Uma data e uma cidade difíceis de esquecer: Washington, 28 de agosto de 1963. A “marcha pelo trabalho e pela liberdade” reuniu mais de 250.000 pessoas que lutavam pela proteção dos direitos civis e que naquele dia ouviam Martin Luther King Jr. dando um discurso já mítico chamado “Eu tenho um sonho”. Entre os palestrantes naquele dia estava um homem de 49 anos, branco, olhos azuis, 1,85 metros de altura e parecido com uma estrela de cinema. Ele se dirigiu à multidão para fazer um breve discurso. Algumas de suas palavras naquele dia expressaram que:
Estamos, portanto, para sempre em dívida com aqueles americanos, representados pelo movimento Washington March, por nos darem um exemplo tão maravilhoso do que a América aspira ser e por nos ajudar a redefinir, em meados deste século perigoso, o que é entendido pela Revolução Americana. Reconhecemos que não é apenas na América que se trava a batalha pela liberdade e dignidade dos povos. A luta pela liberdade por parte dos anteriormente subjugados está ocorrendo em capitais e cidades ao redor do mundo. O nosso futuro e o futuro do mundo dependem da nossa consciência do que significa esta luta e do grau de dedicação a ela ”.

Esse palestrante era, na verdade, um porta-voz qualificado: ele estava lendo uma declaração coletiva assinada por 1.500 americanos residentes na França que apoiaram a marcha e que lhe deram essas palavras em Paris para que ele as lesse e representasse. Eles sabiam de seu compromisso com as causas democráticas e liberais e entendiam que sua imagem pública positiva amplificaria a mensagem que desejavam transmitir. Ele não estava lá no meio daquela multidão para aparecer, ele estava lá porque estava muito interessado em fazer parte dessa luta social.

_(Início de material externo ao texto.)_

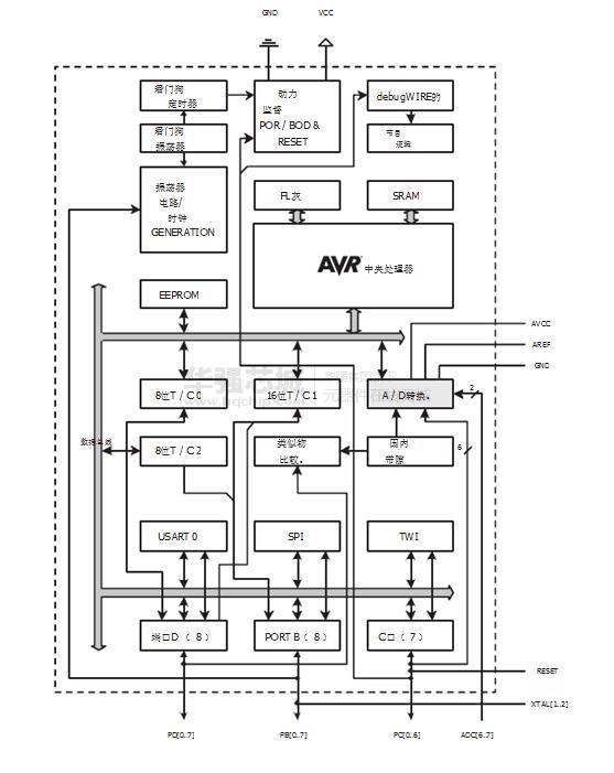 - 五种休眠模式:空闲模式, ADC噪声抑制,省电,掉电,和待机

Dois anos antes, em 17 de abril de 1961, em Los Angeles, esse mesmo homem recebeu o Oscar da atriz Greer Garson por interpretar um homem que também deu palestras em filmes. “E o vencedor é … Burt Lancaster em Elmer Gantry!” a atriz inglesa gritou animada ao anunciar o vencedor. Mas daquela vez o eloqüente orador de Washington não conseguiu falar, a alegria o dominou e em apenas trinta segundos ele agradeceu aos membros da Academia de Hollywood que votaram nele e também aos que não votaram nele. Ele havia interpretado no filme “Elmer Gantry” (1960) um pregador evangélico autoproclamado com manchas suficientes em seu passado, o suficiente para invalidar suas palavras de fé e salvação, naquela carente América do Norte rural do final dos anos 1920.

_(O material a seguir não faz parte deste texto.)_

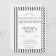 Esta es una invitación moderna para una fiesta de cumpleaños número 50. Tiene tipografía de moda en negro y blanco con acentos de corazones en espiral y líneas onduladas. En la parte delantera dice "Estás Invitado a la Fiesta de Cumpleaños número 50 de Alejandría", con información sobre la fecha, lugar y detalles de RSVP debajo. El texto está enmarcado por corazones en espiral elegantes. Este diseño elegante y moderno es perfecto para tu fiesta de cumpleaños número 50 o celebración. Simplemente escribe tus detalles, nombre, edad, fecha, lugar y información de RSVP, en esta casilla de texto personalizable. Aquí también puedes cambiar el resto del texto si lo deseas. Para cambiar el color o la fuente, consulta la herramienta de edición de diseño. Contacta al diseñador para obtener ayuda con productos coincidentes, personalización y customización.

Ao consagrá-lo com o Oscar por aquela atuação, Hollywood se regozijava no histrionismo de Burt Lancaster, em seus traços masculinos, em sua figura viril, em seu sorriso enorme e franco, em seu olhar expressivo, naquela voz redonda, em seus gestos bombásticos. e atlético. Esse tipo de caracterização grandiosa se tornaria sua marca registrada – você tem que ver filmes como “A  Rosa Tatuada” (The Rose Tattoo, 1955) ou “Lágrimas do Céu” (The Rainmaker, 1956) para confirmá-lo – e no mesmo tempo em sua prisão. Ele sempre lutaria contra o estereótipo de ator, submetendo-se a desafios permanentes, enfrentando papéis muito mais exigentes e complexos, menos estridentes, mais sutis. Cada vez mais longe de Hollywood, por isso mesmo. Por isso, sentiu na maturidade a necessidade de filmar na Europa sob o comando de Luchino Visconti (O Leopardo, 1963) e Bernardo Bertolucci (Novecento, 1976) ou com autores tão criativos e livres como John Cassavetes (A Child is Waiting) , 1963), Robert Altman (Buffalo Bill and the Indians, 1976) ou Louis Malle (Atlantic City, 1980).

Ele envelheceu com uma dignidade verdadeiramente principesca. Ele nunca deixou de ser um gigante abençoado com uma dose de fragilidade humana inquestionável.